Studying for my upcoming statistics exam I tried to solve the following:
In some population, each individual likes exactly one out of 30 possible music genres. In some survey, n people are drawn randomly from the above population and are asked what music genre they like. Denote by Pi the true proportion of people in the population that like genre number i. What is the smallest number n, such that with a probability of 97%, or higher, for all genres, the proportion of the people in the survey who answered they like music genre i is at most 5% of difference from Pi? Use Hoeffdings inequality to prove your claim.
I plugged in the probabilities, and managed to figure that for some given genre music i, one would to draw at least 840 individuals for the following to hold. And figured that since this holds for all genres, that 840 is actually the minimal sample size for this to hold for all genres. I thought I got it right, but then I thought that the number n that i got would hold for any number of genres for the same problem (which seems to me a bit unlikely, for example, that we would need the same sample size for the for the following problem and the same problem but with only 2 possible genres to pick from)
Can anyone elaborate on this?
Let $i \in \{1,\dots,k\}, k \,(=30)$ be the distinct categories, let $I_1, \dots I_N$ be the population with $N < \infty$ unknown and let $p_i = \sum_{I_j : I_j \text{ likes } i} 1 / N, i =1\dots, k$ be the unknown fractions you want to estimate.

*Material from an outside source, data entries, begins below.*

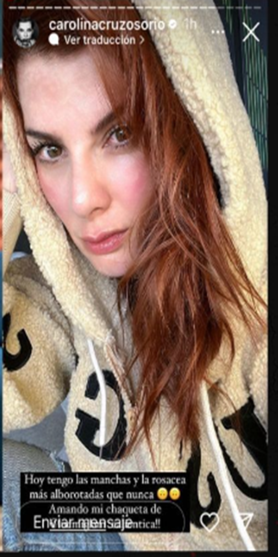 “Hoy tengo las manchas y la rosácea más alborotadas que nunca”, comentó Carolina Cruz en su historia de Instagram.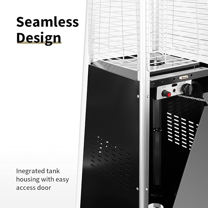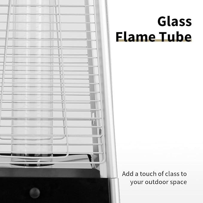 - DESIGN: Add a touch of class to your backyard, patio, deck, garden or restaurant with this elegantly designed outdoor propane heater. Your guests will be in awe as the flame inside the quartz glass tube energizes the atmosphere. Not only is this outdoor heater great for heating but it also enhances the aesthetic of your outdoor space.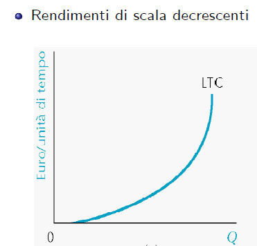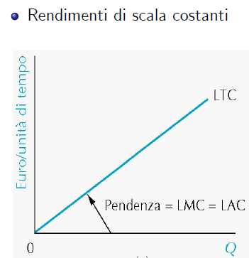 Anche i costi possono denotare rendimenti di scala costanti, crescenti o decrescenti.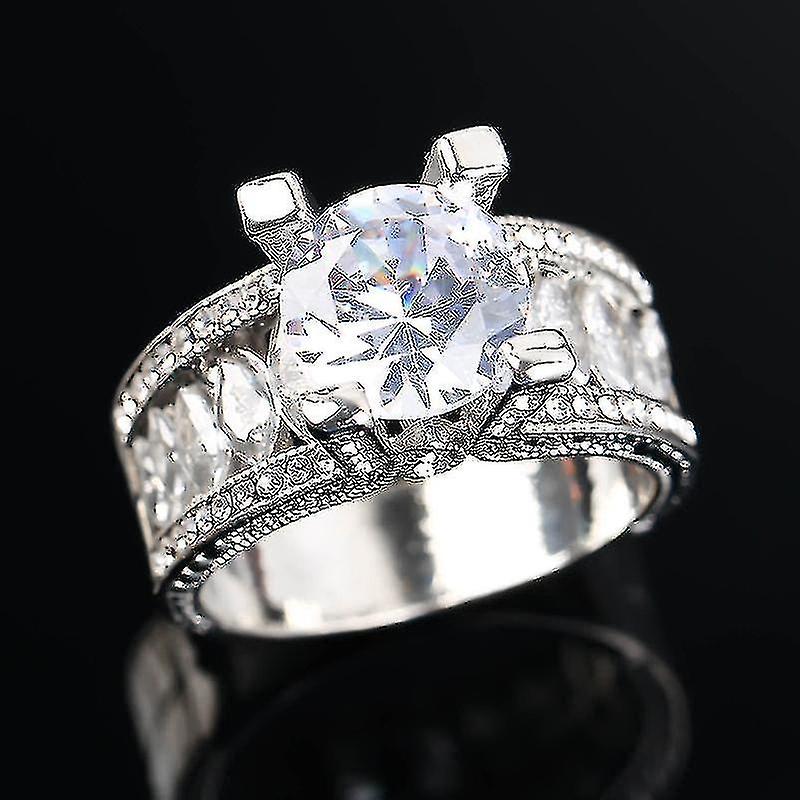 Fashion Silver Plated Round Cut CZ Stone Ring Micro Paved Oval Crystal Rings For Women Ladies Wedding Party Jewelry Gift A4M837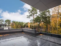 Penthouse in the modern residential complex "Turaidas Quarter" next to Jomas Street.The apartment consists of a corridor, a living room combined with a kitchen and access to the terrace, two bedrooms, two bathrooms, wardrobe. Big terrace across the all apartment.  The apartment is fully furnished, there are all necessary household appliances.The gated complex has underground parking and a children's playground. There is video surveillance and a concierge. Nearby there is a developed infrastructure - shops, cafes, restaurants. new building, fully furnished, exclusive furniture, built-in kitchen, built-in furniture, fireplace, floor heating, secured area, well-kept area, territory highlighting, underground parking, internet, satellite TV, lift, video surveillance, security post, concierge, well-developed infrastructure, fenced area, near the park, near sea.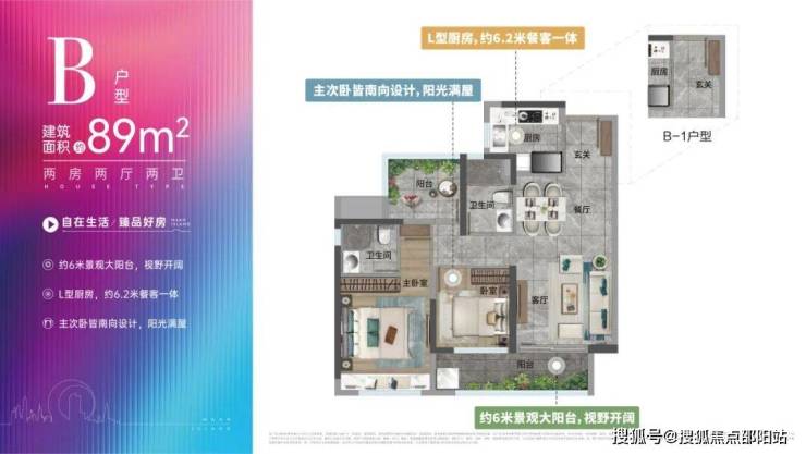 其中,建面约79㎡2房,户型方正,南北通透,空气对流;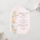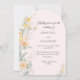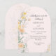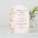 Defina um tom romântico e encantador para o seu dia especial com este lindo convite de casamento em forma de arco. Apresenta delicadas flores silvestres em aquarela em tons pastéis suaves de amarelo, pêssego e damasco, elegantemente entrelaçadas com folhagens botânicas contra um fundo rosa suave. Perfeito para um jardim de primavera, um casamento ao ar livre de verão ou um casamento botânico caprichoso.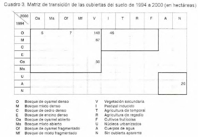 En función de la superficie total por tipo de cubierta, en cada una de las fechas consideradas, llama la atención la pérdida en las dos principales formaciones vegetales de la zona. Los bosques densos de oyamel perdieron más de 800 ha entre 1971 y 1994 y otras 200 ha en los últimos seis años. Esto significó una pérdida de 4.6 % de su cubierta en el primer período mencionado y de 1.2% de 1994 al 2000. Por su parte, los bosques mixtos densos, más extendidos, a partir de 1971 han perdido 4.5% de su superficie (1 436 ha). Los bosques densos de cedro y encino a pesar de su recuperación, permanecieron siendo muy poco significativos respecto al área considerada (Cuadro 1).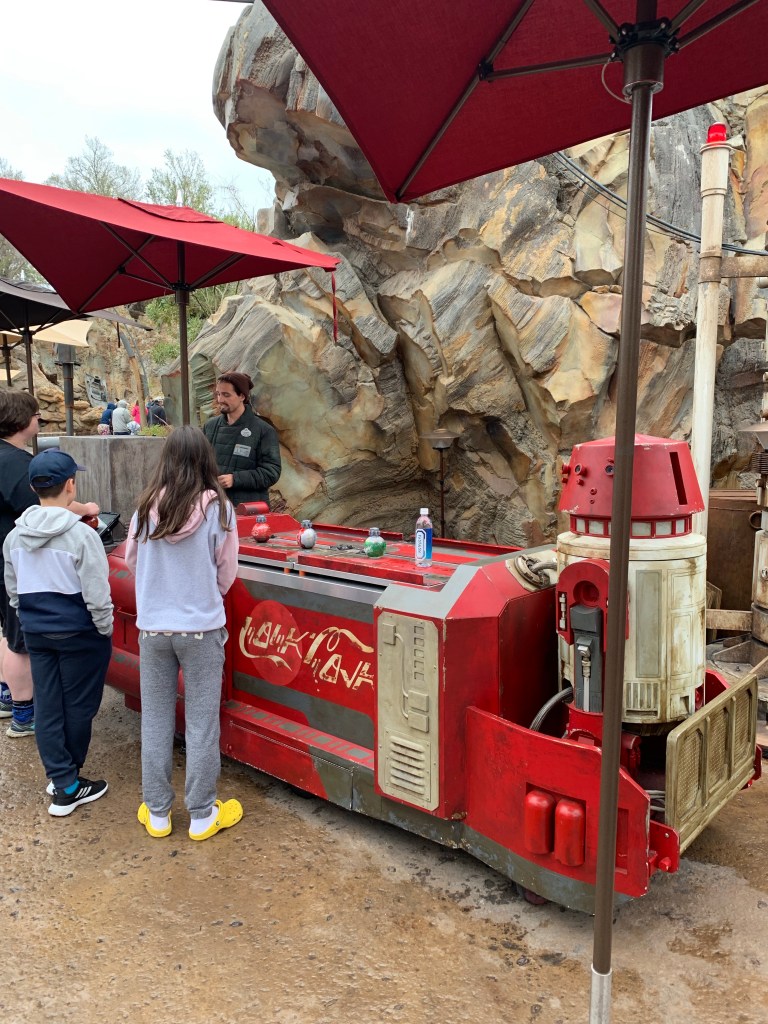 Hollywood Studios’ main draw for me was Galaxy’s Edge. And oh my goodness, it’s amazing. Themed around Star Wars, the area feels gritty, and everywhere you look, the details are so whimsical. I even bought a themed Coca-Cola: it’s just a regular disposable Coke, but the bottle is round and has Batuuese written on it!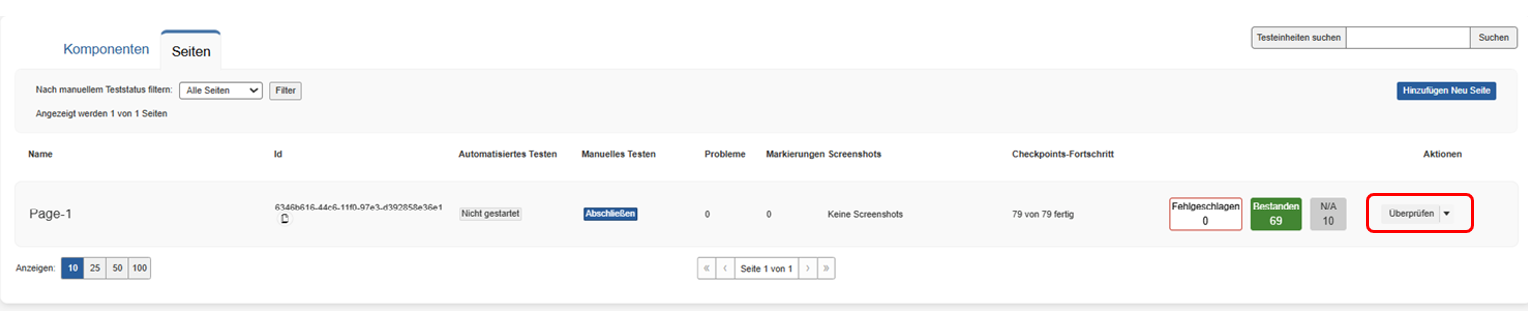 Note: De knop Testen starten wordt alleen weergegeven in de kolom Acties wanneer in de kolom Status de status 'Niet gestart' wordt weergegeven. Meestal is dit een nieuwe testrun die is gemaakt en toegewezen aan een gebruiker, maar waarvan de tests nog niet zijn gestart voor de afzonderlijke componenten of pagina's die moeten worden getest.
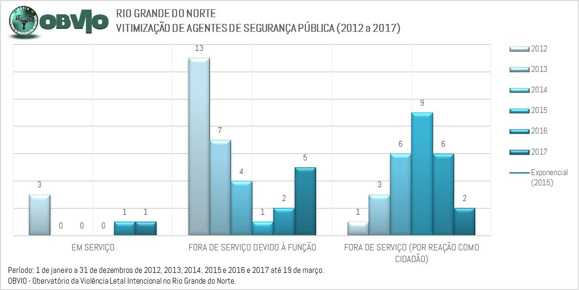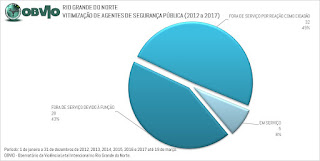 O RN contabiliza, no período de 2012 até este início de 2017, o total de 65 agentes de segurança pública mortos violentamente. 49% do total, 32 vítimas, estavam fora de serviço e foram mortos ao reagirem a alguma ação de violência, estando, porém, enquanto cidadãos. 43% deles, 28 no total, foram vitimados fora de serviço devido à função (estavam executando função de segurança ou similar, mas não oficialmente como agente legal). Apenas 8% do total, 5 das vítimas, estavam em serviço enquanto operadores de segurança pública.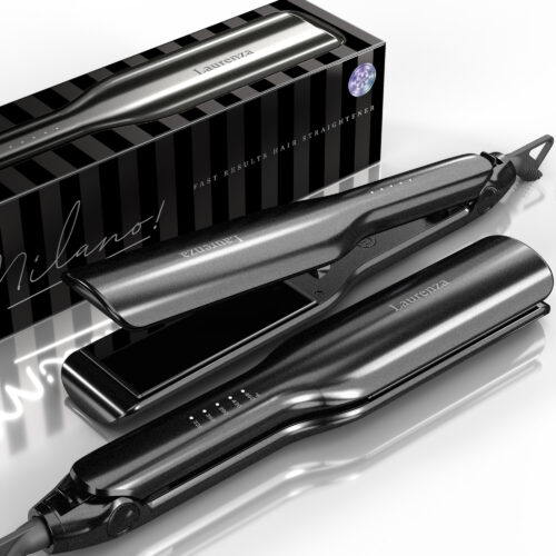 Laurenza Professional Hair Straightener Flat Iron with Anion, 2.16” Extra-Large 3D Floating Ceramic Flat Iron, No Hair Damage, 15s Instant Heating Straightening Iron(Galaxy Black)

For what I understood, the solution to your problem goes like this, let us fix the category $i \in \{1,\dots,k\}$, then you sample $n$ individuals, let $X_1,\dots,X_n$ represent the random variables associated to the category individual $j \in \{1,\dots,n\}$ likes. Thus you can compute an unbiased estimate of $p_i$ by computing $\bar{p}_i = 1/n\sum_{j=1}^n \unicode{x1D7D9}[X_j = i]$ where $\unicode{x1D7D9}[\cdot]$ is the indicator function. Now you need to apply the Hoeffding bound, this can be done since $X_1,\dots,X_n$ are independent r.v. Thus, let $\epsilon \in (0,1)$, $$\mathbb{P}[|\frac{1}{n}\sum_{j=1}^n \unicode{x1D7D9}[X_j = i] - p_i| \ge \epsilon p_i] \le 2 e^{-n \epsilon^2 p_i^2}$$
Now you can define $E_i := |\frac{1}{n}\sum_{j=1}^n \unicode{x1D7D9}[X_j = i] - p_i| \ge \epsilon p_i, i=1,\dots,k$, you can conclude by applying the union bound to $\mathbb{P}(\cup_i E_i)$ and setting the final probability to be less than $\delta$.